» **What to work on**: Transcribe the listing exactly, so that nothing but the pictures is missing.

» **Dataset content**:
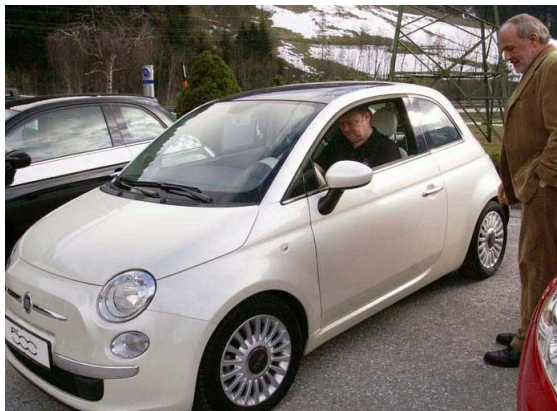
(4.) Der legendäre Fiat 500 war ein Kundenmagnet bei der Frühjahrsausstellung im Autohaus W. Haidacher.
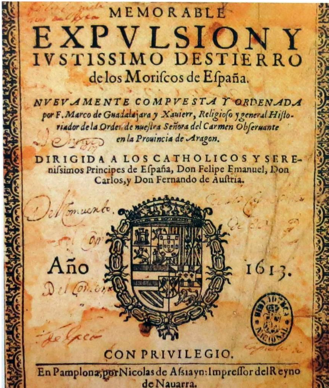
DECRETO DE EXPULSION 1613
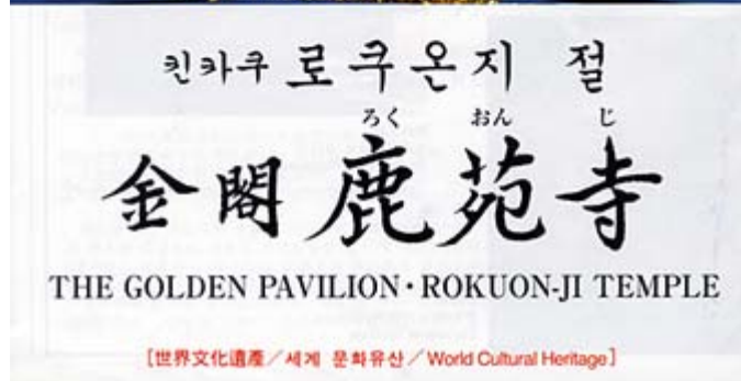
ハングルが日本語より上にきているパンフレット

・「窓口の中から入場券とパンフレットをポンポンと放り投げるように出しているではありませんか。(中略)。窓口の中から、作務衣を着ているお坊さんのような人が『差別だ! 差別するんじゃない!』と怒鳴り声をあげていたのです」。ブログに書かれているこ

» **Answer box**:
(4.) Der legendäre Fiat 500 war ein Kundenmagnet bei der Frühjahrsausstellung im Autohaus W. Haidacher.
DECRETO DE EXPULSION 1613
ハングルが日本語より上にきているパンフレット

・「窓口の中から入場券とパンフレットをポンポンと放り投げるように出しているではありませんか。(中略)。窓口の中から、作務衣を着ているお坊さんのような人が『差別だ! 差別するんじゃない!』と怒鳴り声をあげていたのです」。ブログに書かれているこ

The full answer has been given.